What a difference a decade makes. In 1990, NEC Corp was the world’s leading producer of semiconductors, with sales of $5bn and a market share of 8.5%, according to market research group Dataquest. The company was helped to those heights in the 1980s by the surge in demand for memory chips – a volatile commodity market characterized by dramatic swings in prices and profit margins. Today, NEC is number two, with half the semiconductor revenues of market leader Intel Corp. And that memory market has been in severe depression for more than three years, squeezing the life out of many vendors, and sapping the profitability of NEC. But although it has been hit, a number of factors have helped insulate NEC from the worst effects of the memory chip price slump. As the biggest vendor of PCs in Japan, it is guaranteed at least one captive customer for its semiconductor output. And through taking control of US consumer PC vendor Packard Bell-NEC, it has another. Alongside that, the company’s vast R&D investments have enabled it to lead the memory sector and be first to market with new products that typically command a premium price. NEC was among the first to release 64Mbit memory chips, and is well advanced with its plans for volume 256MB memory chips in volume. Fabricated in 0.20 micron CMOS process, production of these is set to commence in April 1999.

Less Volatile

But NEC’s size and strength has enabled it to enter less volatile markets, reducing its dependence on memory products to 40% of total semiconductor revenues, compared with 90% for Samsung Electronics Co. These products include low-cost microcontrollers, digital signal processors and custom chips based on MIPS and ARM RISC processors from MIPS Technologies Inc and ARM Ltd. While NEC started off using the MIPS chip as the core of its Unix-based server line, it now uses the chip as its first choice of high- powered embedded microcontroller, using it in products such as digital mobile phones, handheld computers and set-top boxes. Add to that its contract to supply Nintendo Ltd with MIPS microprocessors for the Nintendo64 games console, and NEC can claim a 52% share of the MIPS market worldwide. Another promising new market for NEC is 3D graphics chips. NEC last year developed the PowerVR chip with British firm VideoLogic Group Plc as part of a joint venture to supply chipsets for Sega Enterprise Ltd’s next games console.
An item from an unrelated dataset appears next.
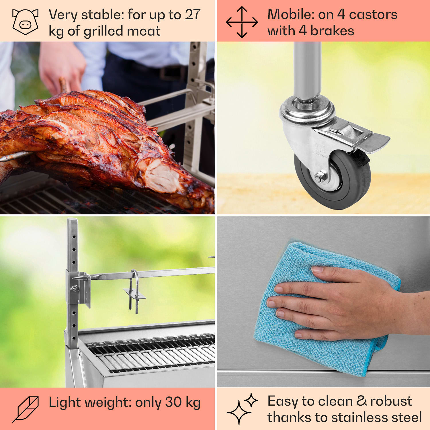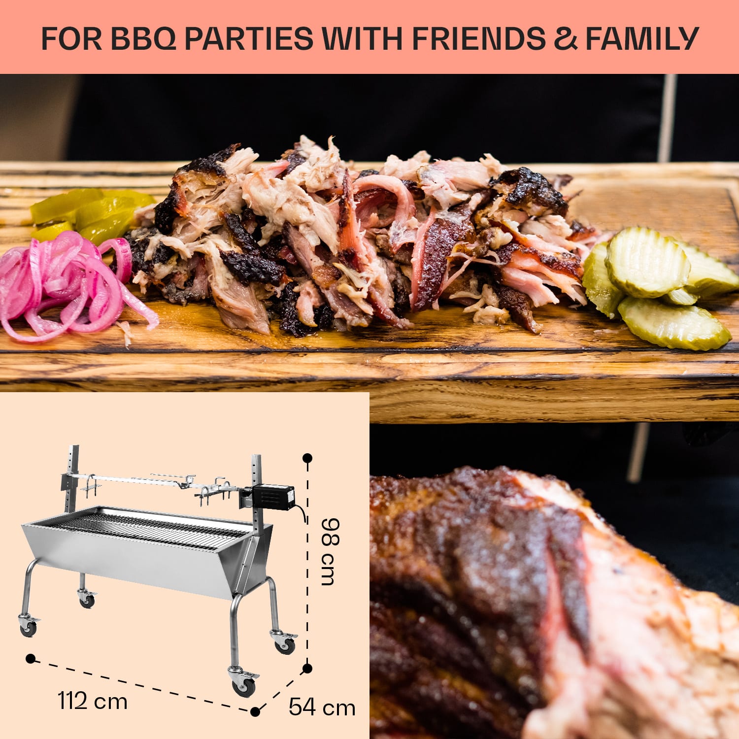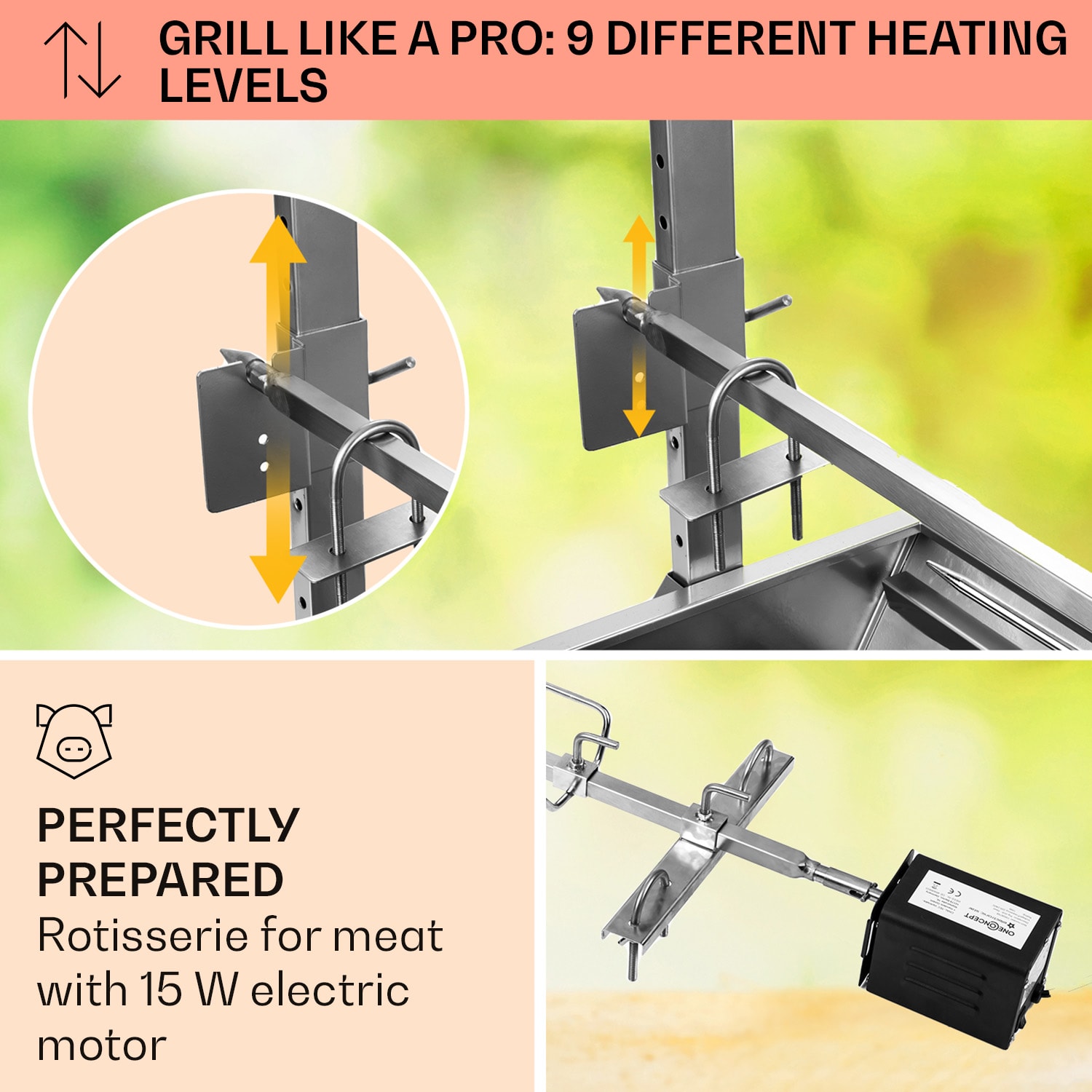 Zariadenie Sauenland od spoločnosti oneConcept je záhradný gril na prasiatko, ktorý plní sny rustikálnych labužníkov. Masívna oceľová konštrukcia určuje vonkajší vzhľad zariadenia. Vďaka štyrom kolieskam s integrovanými brzdami možno veľký gril na prasiatko prenášať z bodu A do bodu B napriek jeho hmotnosti 30 kg a vysokej stabilite: napríklad z garáže na záhradu alebo z kôlne na terasu. Najviac iste na grile upúta dobre dimenzovaný grilovací špíz z nerezovej ocele: Lahodné pečené mäso možno napichnúť rovnako ako kurča alebo iné grilované jedlá. Svorky, ktoré sú súčasťou dodávky, umožňujú spoľahlivé upevnenie obzvlášť veľkých kusov ako celé jahňatá a ošípané. Špíz z nerezovej ocele grilu je poháňaný dodávaným motorom: Vďaka stabilnej rotácii poskytuje rovnomerný proces varenia a dokonale šťavnatý pôžitok z mäsa. Grilovacia vaňa pojme dostatok uhlia pre dodávku potrebného tepla po dlhú dobu. Vďaka dvom grilovacím roštom je tiež k dispozícii veľká grilovacia plocha, ktorá robí zo zariadenia od spoločnosti oneConcept aj perfektného partnera pre tradičné grilovanie. Či už sa jedná o rodinnú oslavu, párty alebo výročie: So zariadením Sauenland sa Vám podaria chutné pečené prasiatka a iné dobroty vo veľkom štýle! Vezmite, prosím, na vedomie, že zariadenie je dodávané ako montážna sada (čas montáže: cca 25 minút). Montážny materiál je súčasťou dodávky.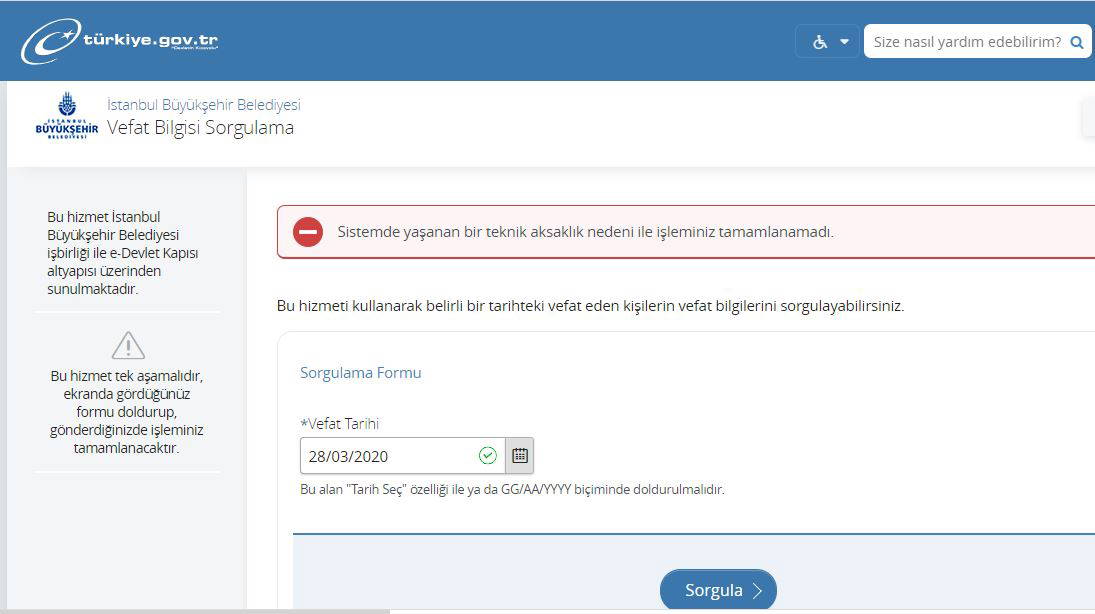 Vefat bilgilerinin yer aldığı sistemde daha sonra erişim sıkıntısı yaşandı.

The first in the new chip family, the PowerVR 250, will also work on PCs and arcade games systems, pushing volumes higher and increasing the prospect of strong profitability from the line – particularly important in a market area where many vendors are actually losing money, despite the relatively high growth in PC sales. But despite all these efforts, NEC will remain in second place in the world’s semiconductor market for the foreseeable future. Ironically, NEC is partly to thank for Intel’s dominant position today. It was the concerted onslaught of NEC and other Japanese semiconductor vendors that persuaded Intel to abandon the memory market in 1984 and concentrate instead on microprocessors.